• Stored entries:
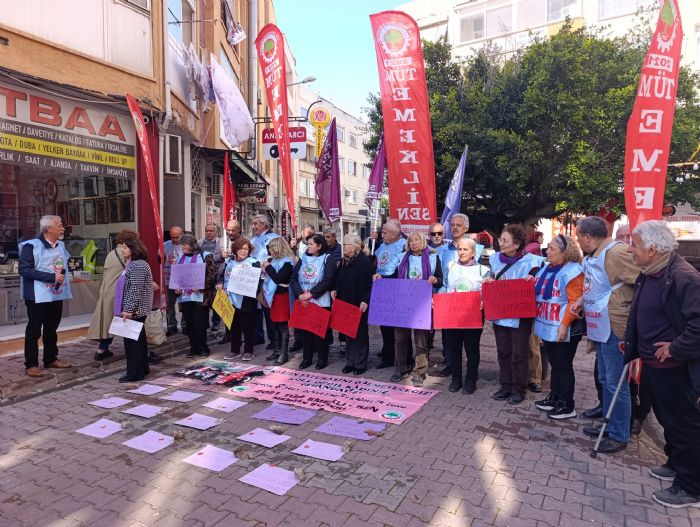 2021 Tüm Emekliler Sendikası Mersin Şubesi üyeleri, 8 Mart Dünya Emekçi Kadınlar Günü kapsamında yaptıkları basın açıklamasında yoksulluk, şiddet ve savaş politikalarına tepki gösterdi. Sendika Kadın Sekreteri Sıdıka Gündüz, emekli kadınların insanca yaşam, eşitlik ve barış taleplerini dile getirdi.
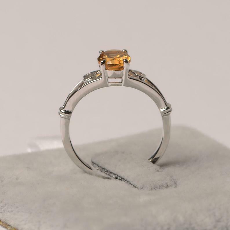 1ct Oval Cut Yellow Citrine Open Heart Shank Solitaire Ring 14k White Gold Finish
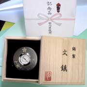 贈られた記念品は、錫製の時計付文鎮で表面には梅鉢紋と梅の花を配し、裏面には「中川区まちおこし大賞、前田利家発信隊2003・2の刻印」があり、2年間のさまざまな想いがこもった記念品です。
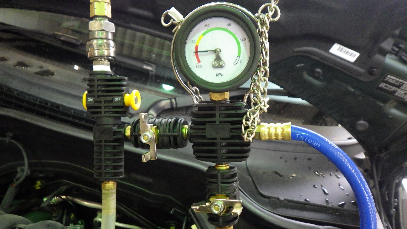 交換作業完了後、クーラントの真空引き及びリークテストを実施しております。
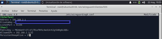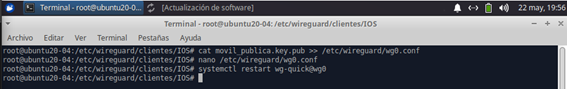 3 - Pasamos la clave pública al servidor de wireguard y reiniciamos el servicio
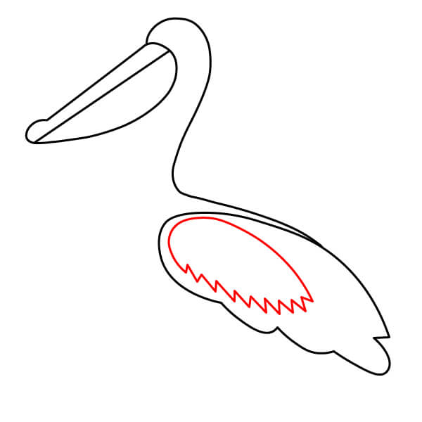 Uvnitř těla nakreslete oválný tvar představující křídlo. Podél spodního okraje tohoto oválu přidejte klikatou čáru pro naznačení struktury peří.

• DIRECTIONS: From the line containing "3 - Pasamos" down to the last line of the entries above, copy each line exactly and nothing more. Leave pictures out.

• SOLUTION FOR THIS PROBLEM:
 3 - Pasamos la clave pública al servidor de wireguard y reiniciamos el servicio
 Uvnitř těla nakreslete oválný tvar představující křídlo. Podél spodního okraje tohoto oválu přidejte klikatou čáru pro naznačení struktury peří.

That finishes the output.